YOUR OBJECTIVE
With the pictures left out, write out exactly the lines of the listing below that run from the line with "The material used" through the line with "Repositionierbarer Aufkleber Kirkjufell".

PROVIDED MATERIAL
◆ ◆ ◆ ◆
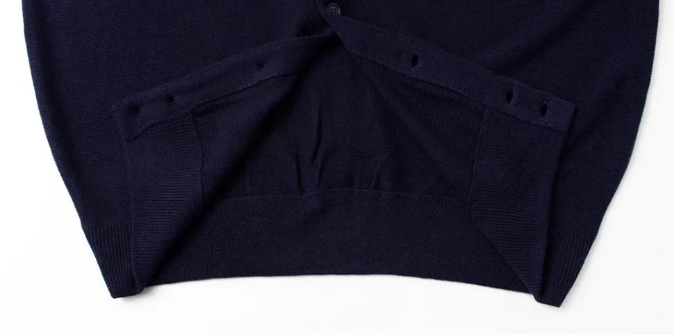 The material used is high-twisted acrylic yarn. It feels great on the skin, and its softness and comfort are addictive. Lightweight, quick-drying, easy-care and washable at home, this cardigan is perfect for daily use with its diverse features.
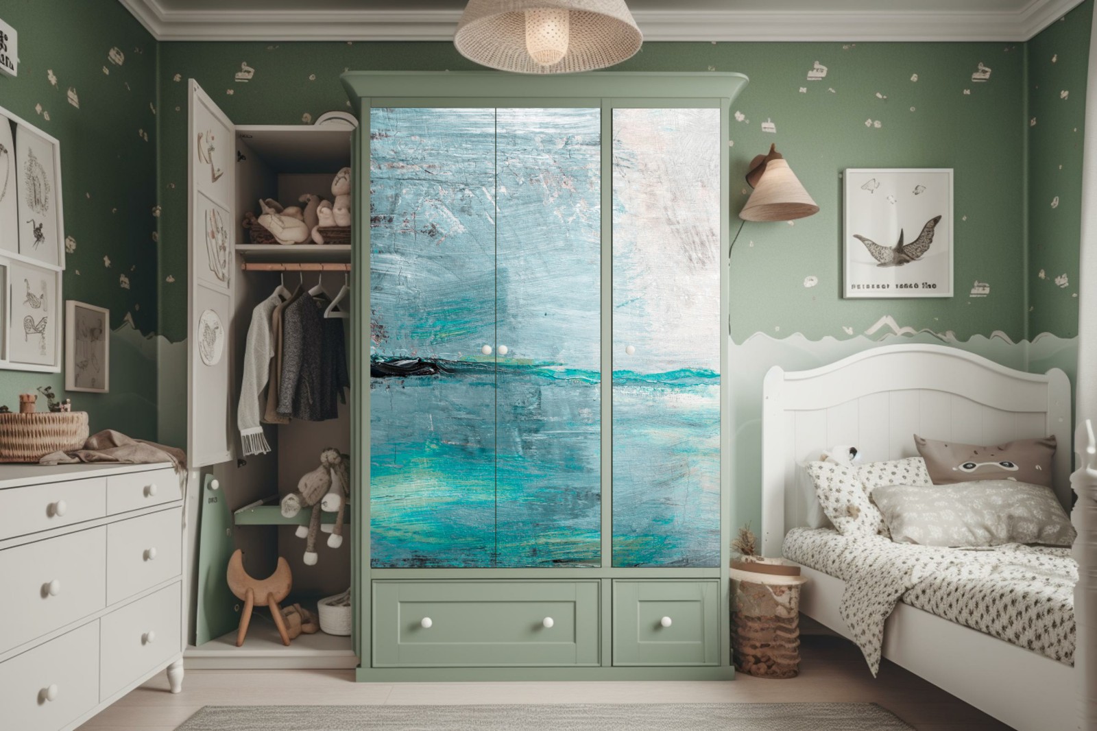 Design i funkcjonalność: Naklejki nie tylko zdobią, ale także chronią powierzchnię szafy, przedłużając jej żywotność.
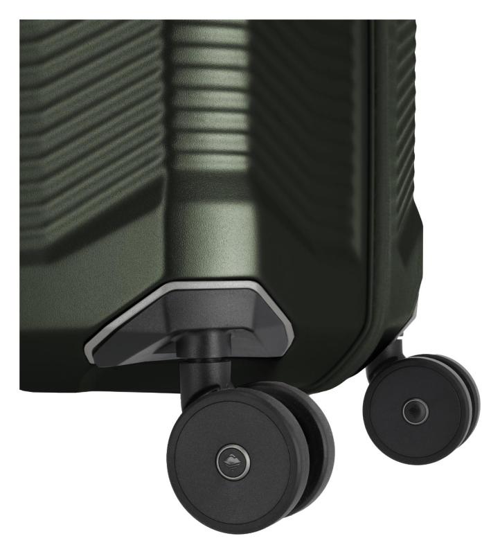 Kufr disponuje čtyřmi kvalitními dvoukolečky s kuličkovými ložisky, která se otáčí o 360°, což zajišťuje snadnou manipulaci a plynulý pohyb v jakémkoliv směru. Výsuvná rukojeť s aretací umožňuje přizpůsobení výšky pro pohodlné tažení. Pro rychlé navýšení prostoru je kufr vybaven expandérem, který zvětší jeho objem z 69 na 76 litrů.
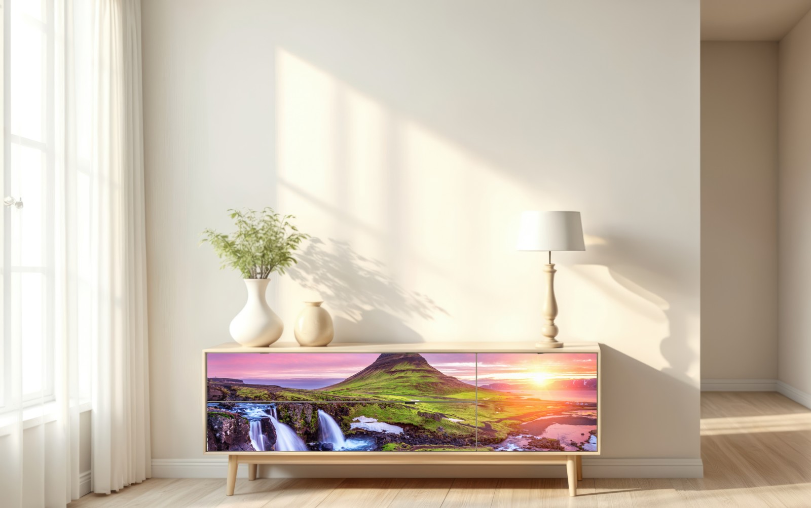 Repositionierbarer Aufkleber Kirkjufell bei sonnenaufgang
◆ ◆ ◆ ◆
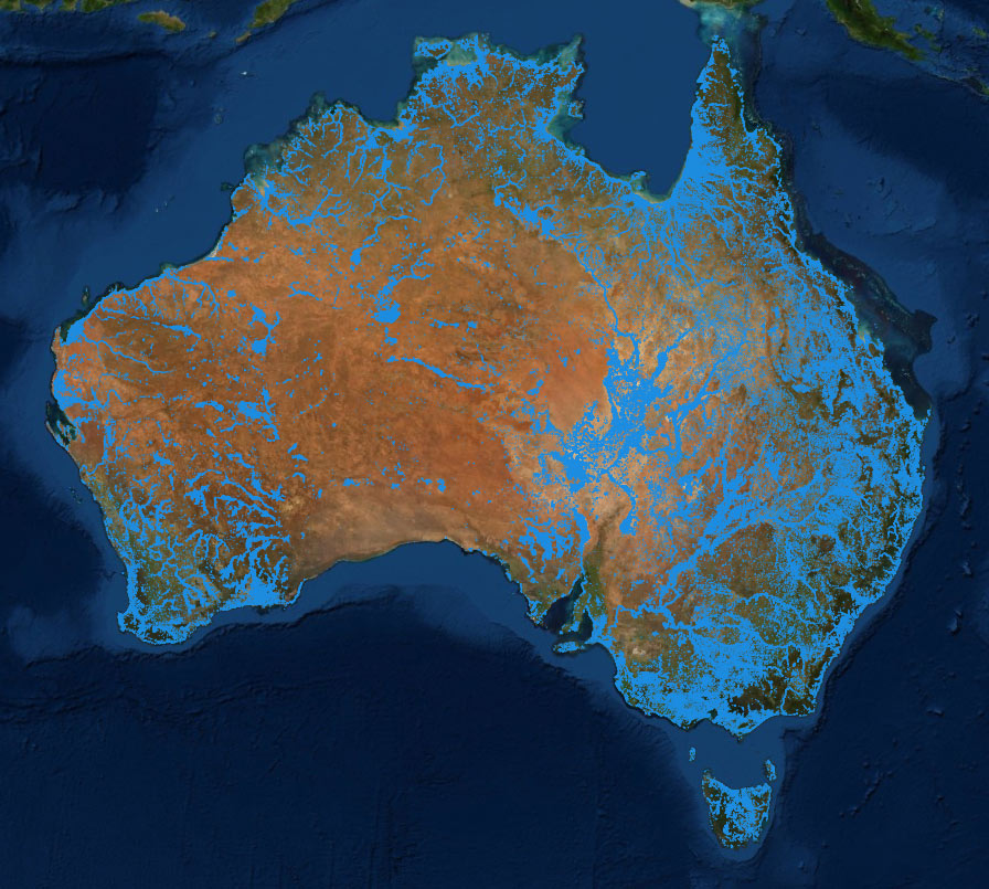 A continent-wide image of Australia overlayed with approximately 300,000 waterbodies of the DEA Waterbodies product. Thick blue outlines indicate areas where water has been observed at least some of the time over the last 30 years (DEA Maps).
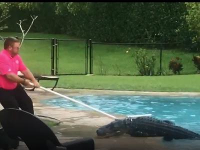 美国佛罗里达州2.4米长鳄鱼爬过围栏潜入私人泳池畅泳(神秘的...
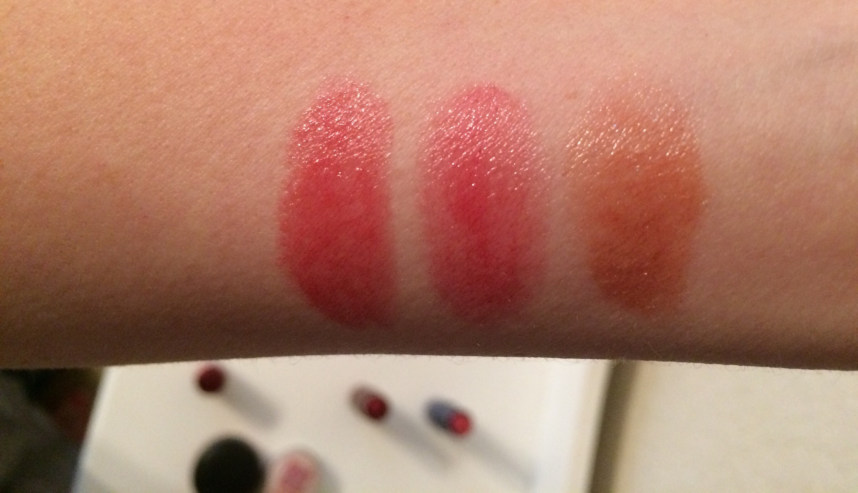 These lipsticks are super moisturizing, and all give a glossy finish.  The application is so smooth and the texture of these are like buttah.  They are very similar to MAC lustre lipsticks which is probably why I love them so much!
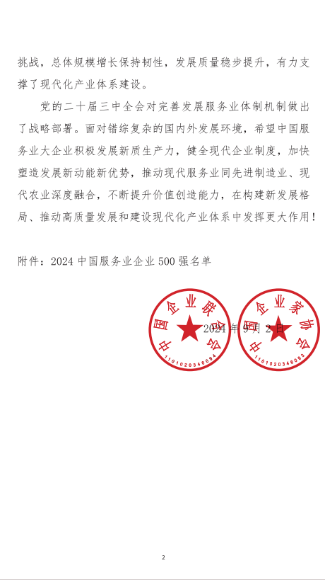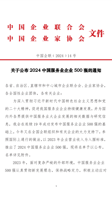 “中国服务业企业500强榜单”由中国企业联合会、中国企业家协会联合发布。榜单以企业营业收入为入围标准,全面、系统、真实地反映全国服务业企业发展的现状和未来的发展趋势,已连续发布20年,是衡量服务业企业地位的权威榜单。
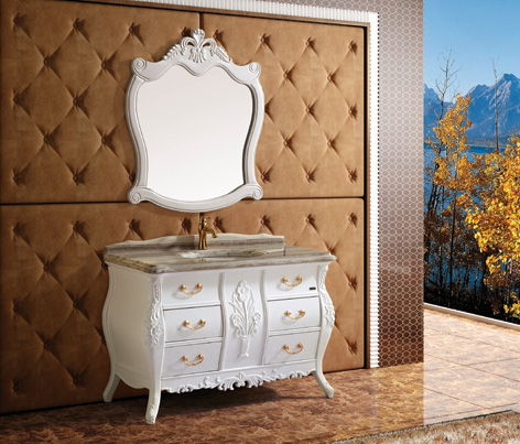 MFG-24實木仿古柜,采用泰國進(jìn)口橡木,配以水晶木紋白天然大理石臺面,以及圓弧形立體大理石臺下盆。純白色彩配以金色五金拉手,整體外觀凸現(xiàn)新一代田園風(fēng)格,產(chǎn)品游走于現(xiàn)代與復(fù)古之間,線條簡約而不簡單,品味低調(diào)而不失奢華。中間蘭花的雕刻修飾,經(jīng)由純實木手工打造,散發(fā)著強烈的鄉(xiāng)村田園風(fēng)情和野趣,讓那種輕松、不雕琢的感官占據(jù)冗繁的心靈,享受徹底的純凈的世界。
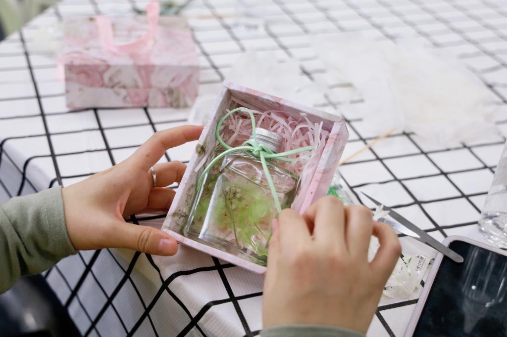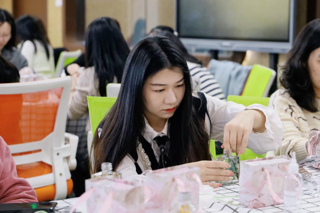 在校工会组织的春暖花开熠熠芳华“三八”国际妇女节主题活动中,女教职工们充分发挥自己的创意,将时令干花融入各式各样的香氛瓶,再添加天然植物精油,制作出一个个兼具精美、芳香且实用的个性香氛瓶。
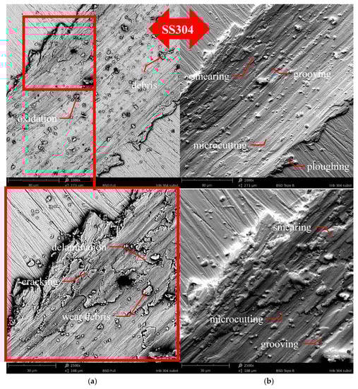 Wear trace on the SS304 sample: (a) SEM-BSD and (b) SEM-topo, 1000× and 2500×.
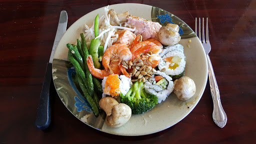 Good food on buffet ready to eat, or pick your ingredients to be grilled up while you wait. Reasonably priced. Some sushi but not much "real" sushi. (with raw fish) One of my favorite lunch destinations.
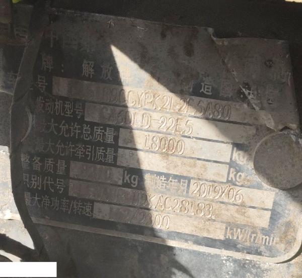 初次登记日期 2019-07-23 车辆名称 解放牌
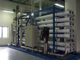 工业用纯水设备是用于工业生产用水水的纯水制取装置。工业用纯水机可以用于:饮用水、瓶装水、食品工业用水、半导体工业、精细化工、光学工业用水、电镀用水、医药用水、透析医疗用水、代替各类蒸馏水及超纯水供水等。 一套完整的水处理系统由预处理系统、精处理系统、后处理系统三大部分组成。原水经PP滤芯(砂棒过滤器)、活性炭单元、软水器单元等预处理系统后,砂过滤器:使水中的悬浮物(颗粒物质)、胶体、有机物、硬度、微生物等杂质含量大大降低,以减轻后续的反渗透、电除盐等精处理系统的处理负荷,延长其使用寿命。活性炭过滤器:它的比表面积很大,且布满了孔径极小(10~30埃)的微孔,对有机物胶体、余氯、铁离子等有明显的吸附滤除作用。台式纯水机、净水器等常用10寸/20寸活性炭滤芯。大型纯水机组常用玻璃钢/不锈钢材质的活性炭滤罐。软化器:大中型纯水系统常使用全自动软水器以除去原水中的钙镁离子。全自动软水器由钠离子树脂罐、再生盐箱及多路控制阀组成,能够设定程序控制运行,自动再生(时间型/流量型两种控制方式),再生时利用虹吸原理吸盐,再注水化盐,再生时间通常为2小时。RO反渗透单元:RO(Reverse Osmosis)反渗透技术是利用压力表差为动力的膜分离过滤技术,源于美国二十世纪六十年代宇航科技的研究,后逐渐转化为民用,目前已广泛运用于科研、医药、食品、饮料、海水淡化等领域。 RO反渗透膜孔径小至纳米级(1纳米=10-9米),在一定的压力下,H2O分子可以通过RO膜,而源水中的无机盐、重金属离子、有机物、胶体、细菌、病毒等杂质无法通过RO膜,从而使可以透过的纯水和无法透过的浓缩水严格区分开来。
◆ ◆ ◆ ◆
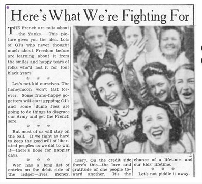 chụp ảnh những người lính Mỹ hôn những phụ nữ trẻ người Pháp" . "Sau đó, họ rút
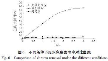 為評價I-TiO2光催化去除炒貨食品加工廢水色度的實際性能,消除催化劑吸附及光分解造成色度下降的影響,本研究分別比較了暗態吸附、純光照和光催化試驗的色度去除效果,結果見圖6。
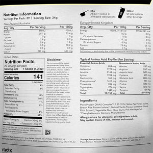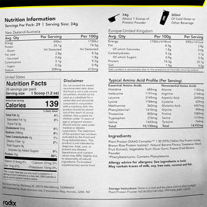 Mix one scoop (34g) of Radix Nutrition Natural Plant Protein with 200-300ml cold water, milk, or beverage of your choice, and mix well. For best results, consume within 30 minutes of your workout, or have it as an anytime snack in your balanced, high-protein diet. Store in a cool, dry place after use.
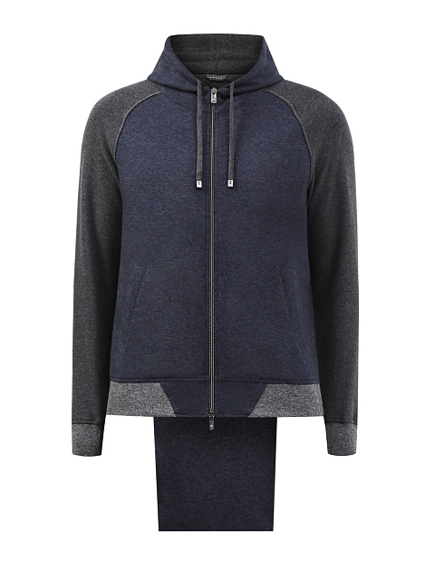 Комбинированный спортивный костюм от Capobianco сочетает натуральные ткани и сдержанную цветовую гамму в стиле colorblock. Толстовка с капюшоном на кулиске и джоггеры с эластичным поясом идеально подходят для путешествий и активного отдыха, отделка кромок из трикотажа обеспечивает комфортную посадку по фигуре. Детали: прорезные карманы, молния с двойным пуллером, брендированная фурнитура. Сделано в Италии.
◆ ◆ ◆ ◆
EXERCISE ANSWER
 The material used is high-twisted acrylic yarn. It feels great on the skin, and its softness and comfort are addictive. Lightweight, quick-drying, easy-care and washable at home, this cardigan is perfect for daily use with its diverse features.
 Design i funkcjonalność: Naklejki nie tylko zdobią, ale także chronią powierzchnię szafy, przedłużając jej żywotność.
 Kufr disponuje čtyřmi kvalitními dvoukolečky s kuličkovými ložisky, která se otáčí o 360°, což zajišťuje snadnou manipulaci a plynulý pohyb v jakémkoliv směru. Výsuvná rukojeť s aretací umožňuje přizpůsobení výšky pro pohodlné tažení. Pro rychlé navýšení prostoru je kufr vybaven expandérem, který zvětší jeho objem z 69 na 76 litrů.
 Repositionierbarer Aufkleber Kirkjufell bei sonnenaufgang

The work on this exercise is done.